## [THE DATA]
══════════
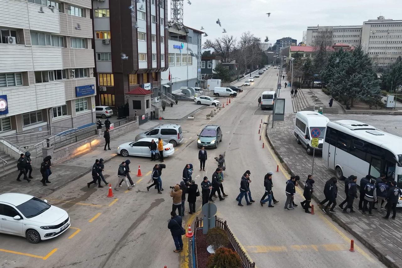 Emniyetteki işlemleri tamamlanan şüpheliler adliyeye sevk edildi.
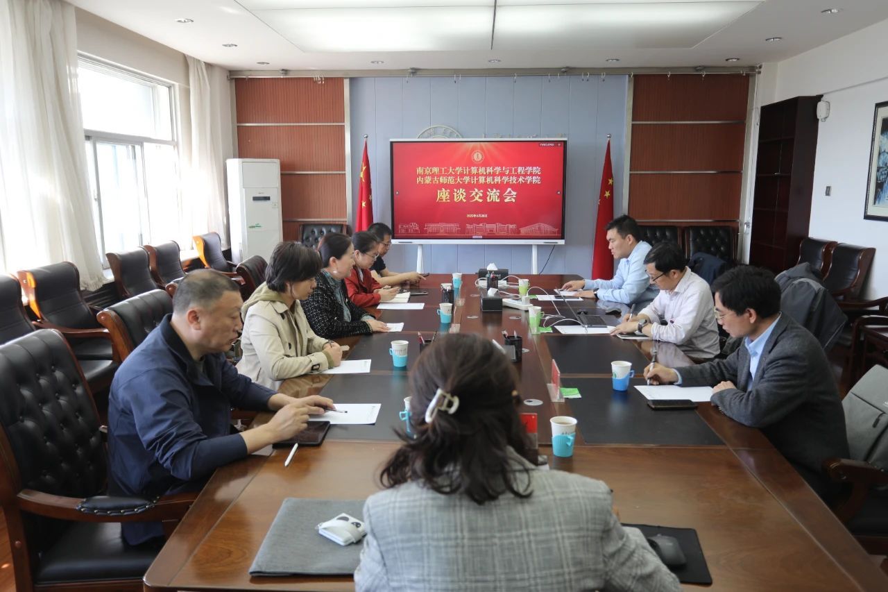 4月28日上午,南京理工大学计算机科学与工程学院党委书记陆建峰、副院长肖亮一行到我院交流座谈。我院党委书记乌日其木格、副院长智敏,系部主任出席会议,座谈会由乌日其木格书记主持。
══════════
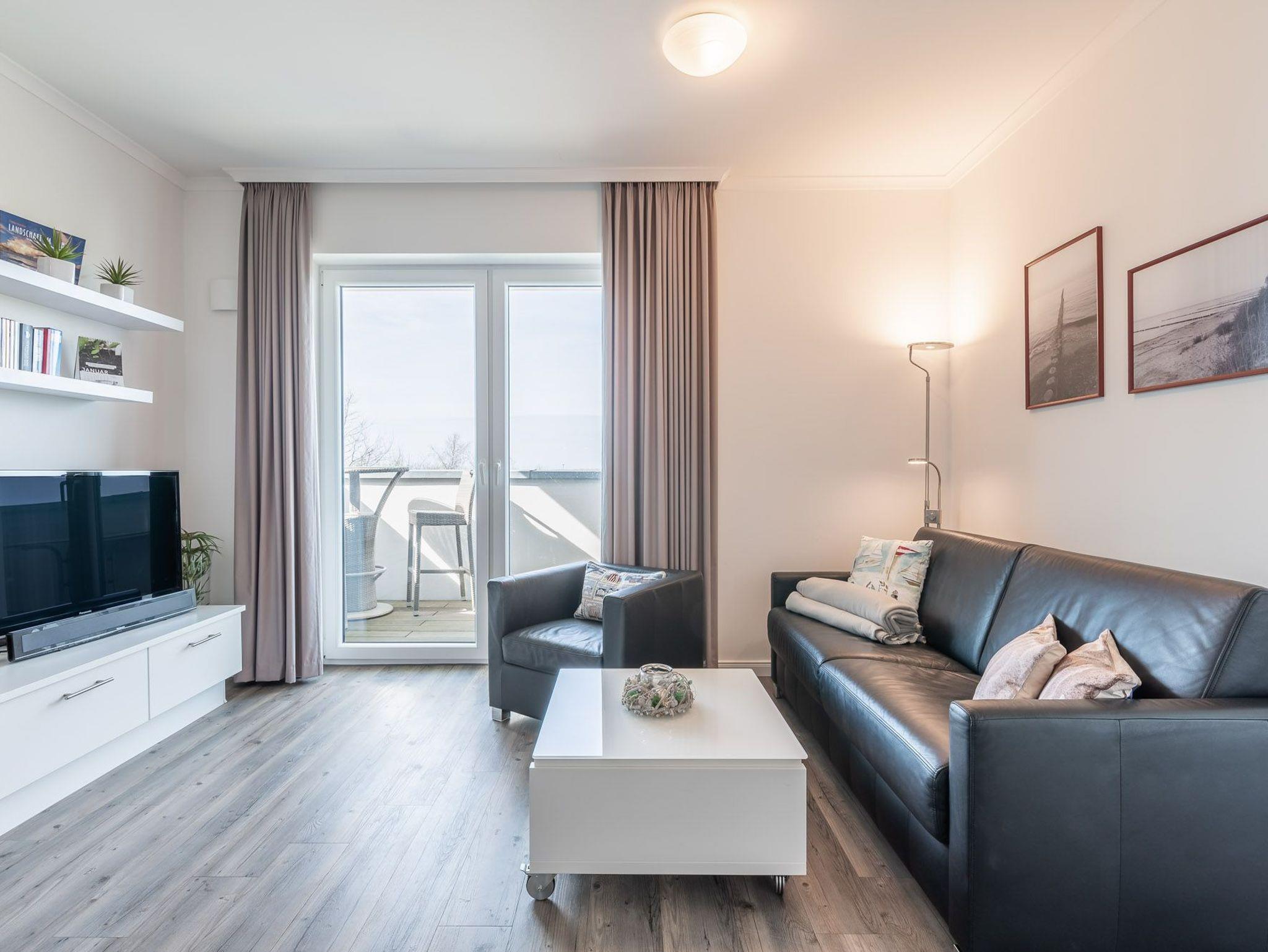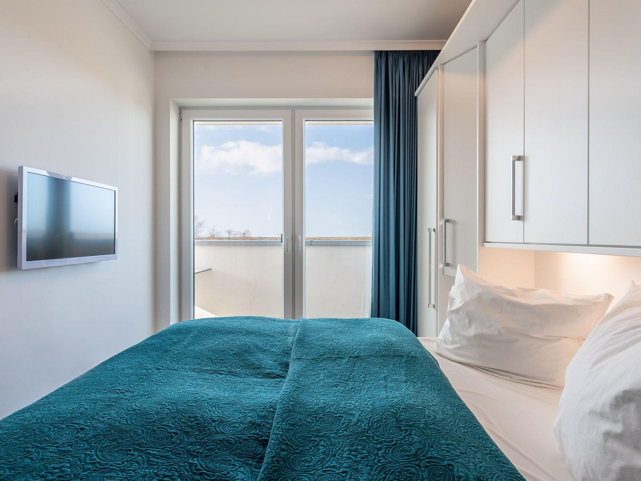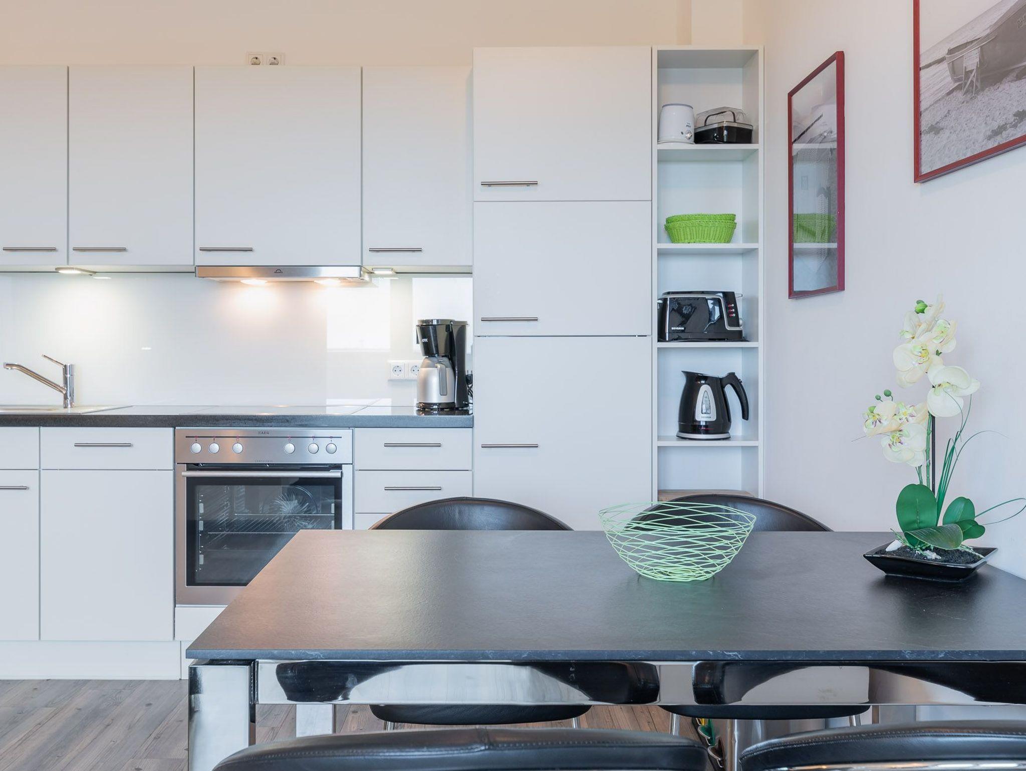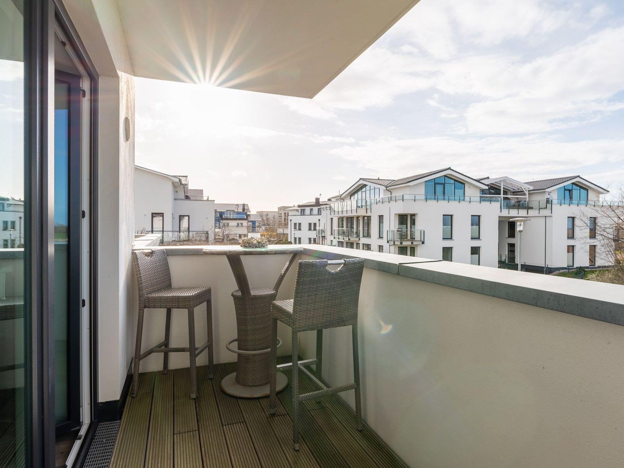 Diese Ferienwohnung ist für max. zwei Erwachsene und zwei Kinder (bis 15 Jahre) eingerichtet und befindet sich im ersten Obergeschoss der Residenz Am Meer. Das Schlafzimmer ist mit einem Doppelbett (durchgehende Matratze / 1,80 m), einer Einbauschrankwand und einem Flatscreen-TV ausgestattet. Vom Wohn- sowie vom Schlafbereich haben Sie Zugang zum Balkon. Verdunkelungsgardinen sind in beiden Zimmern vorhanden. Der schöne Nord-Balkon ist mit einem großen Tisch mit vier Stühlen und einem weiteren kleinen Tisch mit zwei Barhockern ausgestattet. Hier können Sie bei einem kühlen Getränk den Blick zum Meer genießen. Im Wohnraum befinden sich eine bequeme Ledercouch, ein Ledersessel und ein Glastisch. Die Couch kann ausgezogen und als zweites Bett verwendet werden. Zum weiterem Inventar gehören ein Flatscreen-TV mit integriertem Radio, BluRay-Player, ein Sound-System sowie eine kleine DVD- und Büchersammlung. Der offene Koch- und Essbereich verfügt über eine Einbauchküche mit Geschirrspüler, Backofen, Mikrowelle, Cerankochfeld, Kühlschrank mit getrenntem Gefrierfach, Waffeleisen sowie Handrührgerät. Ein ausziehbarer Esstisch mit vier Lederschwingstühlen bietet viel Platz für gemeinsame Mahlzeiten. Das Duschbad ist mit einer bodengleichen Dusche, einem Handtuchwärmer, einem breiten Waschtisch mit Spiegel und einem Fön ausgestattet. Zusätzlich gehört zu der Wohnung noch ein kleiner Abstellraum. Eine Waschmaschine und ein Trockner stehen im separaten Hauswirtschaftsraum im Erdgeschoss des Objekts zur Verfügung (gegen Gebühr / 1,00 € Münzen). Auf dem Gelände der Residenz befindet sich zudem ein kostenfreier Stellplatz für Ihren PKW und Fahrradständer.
══════════
## [ACTIVITY]
Above are the records; please give again, exactly and in full, only the lines that run from the line with "Emniyetteki işlemleri tamamlanan" through the line with "4月28日上午,南京理工大学", with no pictures.

## [RESPONSE FOR THIS EXERCISE]
 Emniyetteki işlemleri tamamlanan şüpheliler adliyeye sevk edildi.
 4月28日上午,南京理工大学计算机科学与工程学院党委书记陆建峰、副院长肖亮一行到我院交流座谈。我院党委书记乌日其木格、副院长智敏,系部主任出席会议,座谈会由乌日其木格书记主持。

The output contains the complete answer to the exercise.